The root-shoot ratio of L. leucocephala was modified with the biofertilization of some AMF under nursery conditions (Figure 1). The root system of L. leucocephala inoculated with R. intraradices represented 28.4 % of the total biomass, being the lowest percentage compared to the rest of the treatments (between 35 and 37 %). By contrast, in the case of aerial biomass, R. intraradices accounted for 71.6 %. In the rest of the treatments, the value fluctuated from 63 to 65 %. The above effect influences the determination of the plant quality index proposed by Dickson et al. (1960).
Kanno et al. (2006) evaluated native isolates of endomycorrhizal fungi in Brazil and found increases in aerial and root biomass in Brachiaria decumbens Stapf, B. brizantha (Hochst. ex A. Rich.) Stapf and Panicum maximun Jacq., but not in B. humidicola (Rendle) Schweick.
With respect to root colonization, the highest value was obtained with R. intraradices (78%), while the lowest (61%) was found in the control. This confirms the presence of other mycorrhizal fungi in the substrate used, but with less ability to stimulate the growth of Leucaena. These results confirm the colonization capacity of R. intraradices, as has also happened in other annual and perennial crops (Aguirre-Medina, Aguirre-Cadena, Cadena-Iñiguez, & Avendaño-Arrazate, 2012). As for the collections, the average colonization was: Caracoles (68 %), Rozario Izapa (72 %), Té limón (77 %) and San Rafael (63 %).

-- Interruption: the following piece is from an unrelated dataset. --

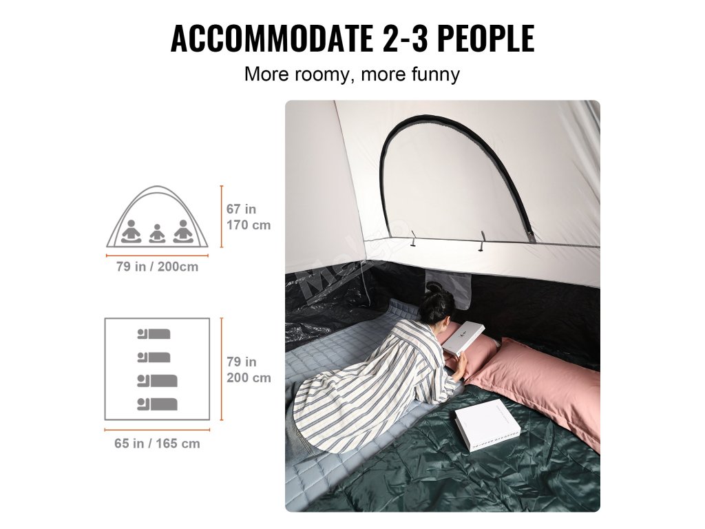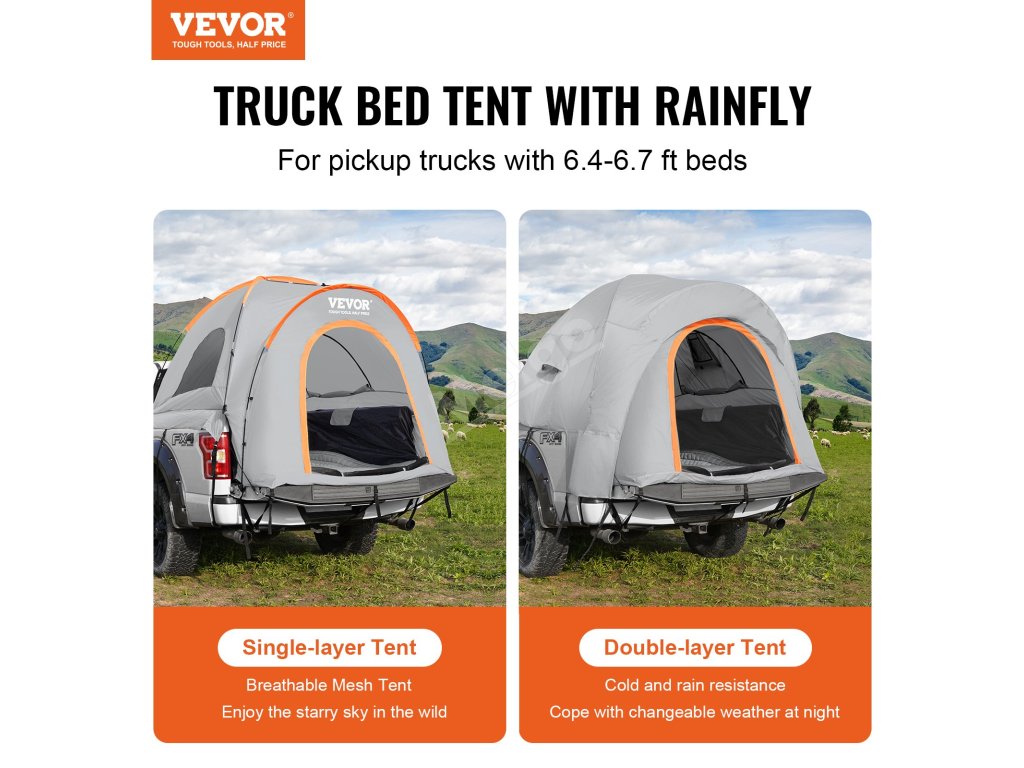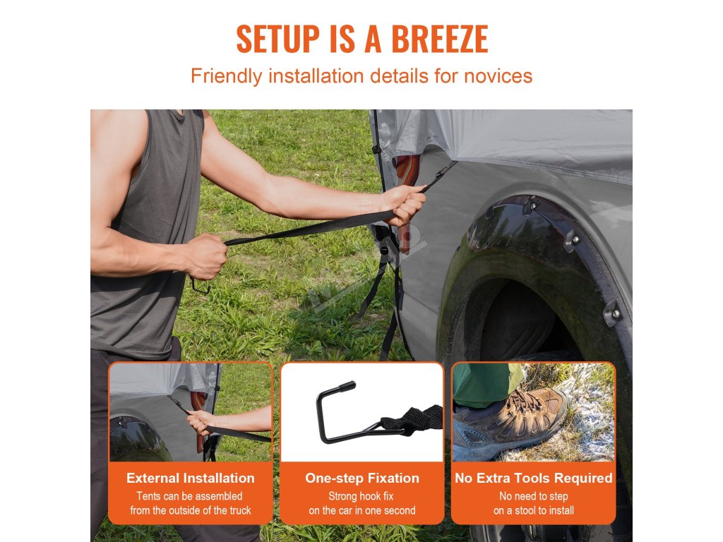 Náš stan VEVOR Truck Bed je špeciálne vyrobený pre pickupy. V priebehu niekoľkých minút premení vaše vozidlo na pohodlný prístrešok. Vďaka vnútornému priestoru s rozmermi 79 x 65 x 67 palcov je v ňom dostatok miesta pre dve až tri osoby. To zaručuje útulný a bezpečný spánok. Stan sa veľmi ľahko stavia. Môžete ho postaviť už za 5 minút, takže je ideálny na rýchle výlety alebo nečakané dobrodružstvá.

These fungi, when introduced adhered to the seed, have a greater chance of colonization when the radicle emerges, unlike the fungi that are present in the substrate but may not be in the same vicinity. It is likely that colonization by native fungi occurs, but its effect is assumed in the ability to influence the growth of the host plant and the transport of P.
Figure 2 shows that the P content in L. leucocephala was statistically higher (P ≤ 0.05) in the treatment with R. intraradices. Plants in symbiosis with mycorrhizal fungi absorb P from the soil more efficiently than non-colonized plants (Aguirre-Medina et al., 2011; Kanno et al., 2006). Based on the results, AMF inoculated in L. leucocephala allow decreasing chemical fertilization in the nursery, without detriment to plant growth.
The morphological and physiological performance components of Leucaena leucocephala were modified in interaction with the isolates collected, but they maintained a similar proportion in the shoot-root ratio. Biofertilization with Rhizophagus intraradices promoted greater plant growth of L. leucocephala in the aerial part, lower in the root system and higher phosphorus content. With regard to endomycorrhizal fungi, "Caracoles", "Rosario Izapa" and “Té limón” increased the P content in the plant tissue compared to the control and fertilized treatment. The "Caracoles" and "Rosario Izapa" collections are good candidates as biofertilizers in perennial species. Based on the results obtained, AMF in L. leucocephala can help reduce chemical fertilization in the nursery, without detriment to plant growth.